• AVAILABLE DATA:
+ + + + +

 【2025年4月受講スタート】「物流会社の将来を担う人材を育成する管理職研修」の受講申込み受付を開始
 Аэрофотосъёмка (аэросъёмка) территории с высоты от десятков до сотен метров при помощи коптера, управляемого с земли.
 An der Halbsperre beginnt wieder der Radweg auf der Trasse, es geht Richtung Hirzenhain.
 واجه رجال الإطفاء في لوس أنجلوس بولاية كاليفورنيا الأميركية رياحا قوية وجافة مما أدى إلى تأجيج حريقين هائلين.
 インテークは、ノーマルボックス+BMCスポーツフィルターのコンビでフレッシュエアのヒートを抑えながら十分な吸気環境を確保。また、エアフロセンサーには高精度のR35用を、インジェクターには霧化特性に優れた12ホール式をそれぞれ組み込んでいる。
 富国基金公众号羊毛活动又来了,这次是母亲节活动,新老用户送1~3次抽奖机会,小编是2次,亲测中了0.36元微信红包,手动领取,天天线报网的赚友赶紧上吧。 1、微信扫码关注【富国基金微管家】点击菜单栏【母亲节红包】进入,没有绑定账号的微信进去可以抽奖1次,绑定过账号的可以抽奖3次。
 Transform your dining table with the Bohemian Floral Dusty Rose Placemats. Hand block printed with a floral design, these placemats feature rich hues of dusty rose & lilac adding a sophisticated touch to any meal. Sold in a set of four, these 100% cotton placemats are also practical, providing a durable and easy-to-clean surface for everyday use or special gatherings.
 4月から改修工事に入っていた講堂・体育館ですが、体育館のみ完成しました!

+ + + + +

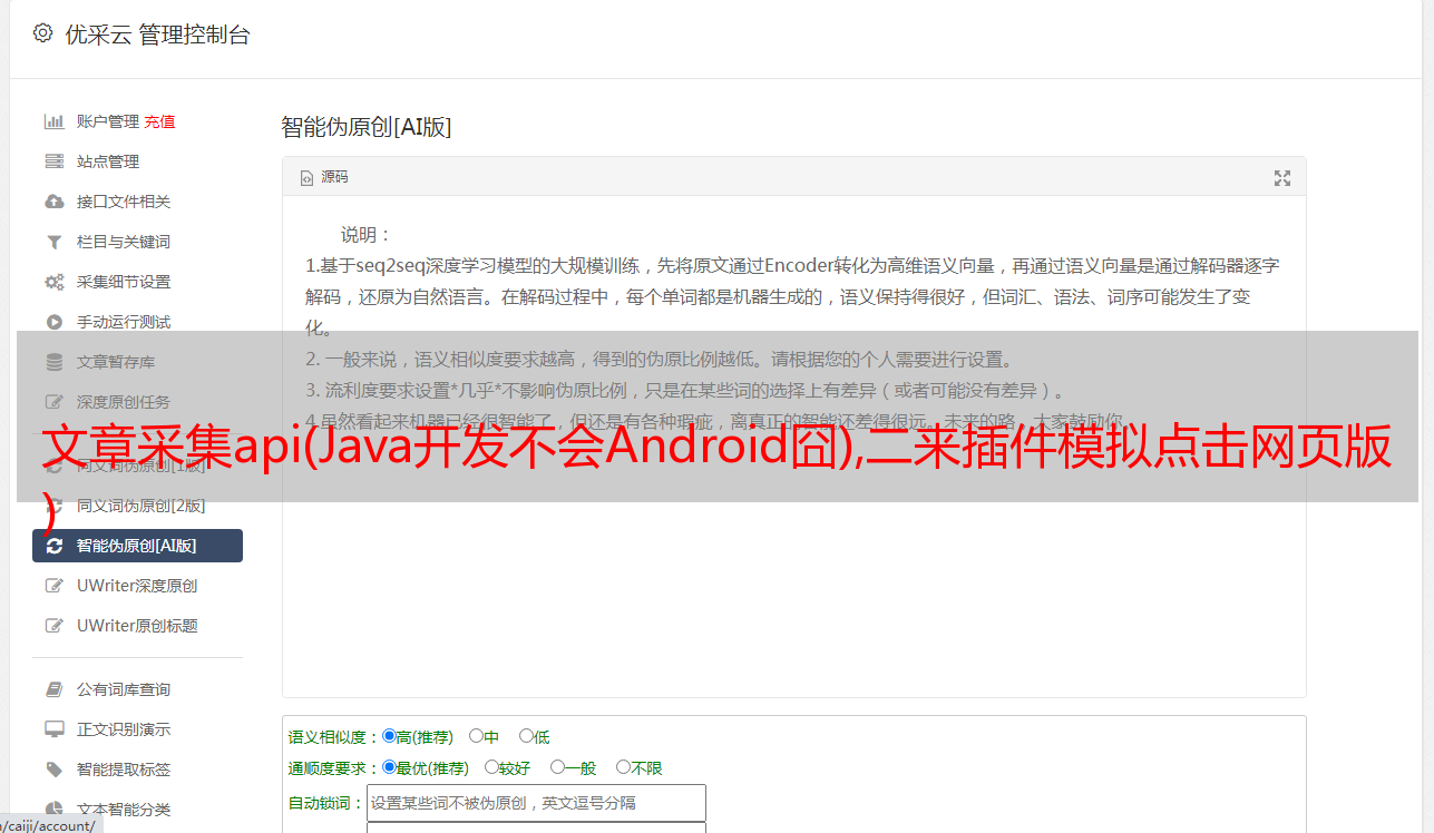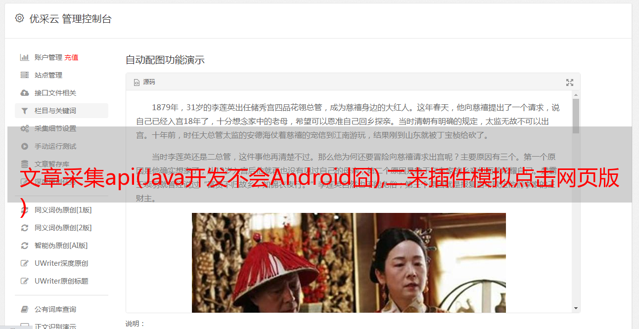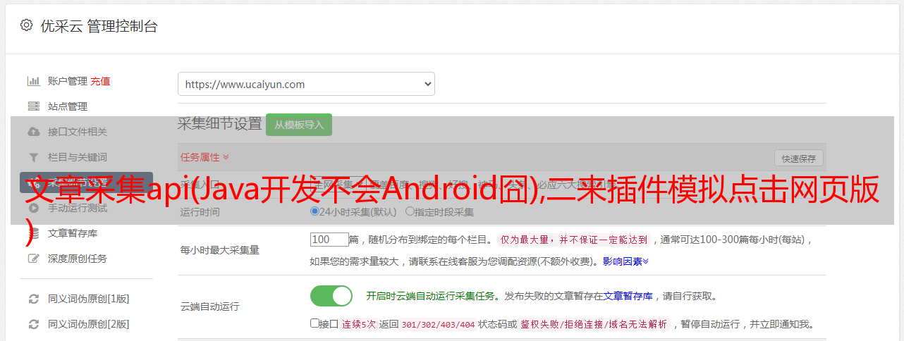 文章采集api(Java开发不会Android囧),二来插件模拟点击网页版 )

+ + + + +

• TASK ITEM: From the material above, set down exactly the lines starting at the one with "インテークは、ノーマルボック" and ending at the one with "4月から改修工事に入っていた講堂・体育館ですが、体育館のみ完成しました!", end lines included.

• ANSWER FOR THIS EXERCISE:
 インテークは、ノーマルボックス+BMCスポーツフィルターのコンビでフレッシュエアのヒートを抑えながら十分な吸気環境を確保。また、エアフロセンサーには高精度のR35用を、インジェクターには霧化特性に優れた12ホール式をそれぞれ組み込んでいる。
 富国基金公众号羊毛活动又来了,这次是母亲节活动,新老用户送1~3次抽奖机会,小编是2次,亲测中了0.36元微信红包,手动领取,天天线报网的赚友赶紧上吧。 1、微信扫码关注【富国基金微管家】点击菜单栏【母亲节红包】进入,没有绑定账号的微信进去可以抽奖1次,绑定过账号的可以抽奖3次。
 Transform your dining table with the Bohemian Floral Dusty Rose Placemats. Hand block printed with a floral design, these placemats feature rich hues of dusty rose & lilac adding a sophisticated touch to any meal. Sold in a set of four, these 100% cotton placemats are also practical, providing a durable and easy-to-clean surface for everyday use or special gatherings.
 4月から改修工事に入っていた講堂・体育館ですが、体育館のみ完成しました!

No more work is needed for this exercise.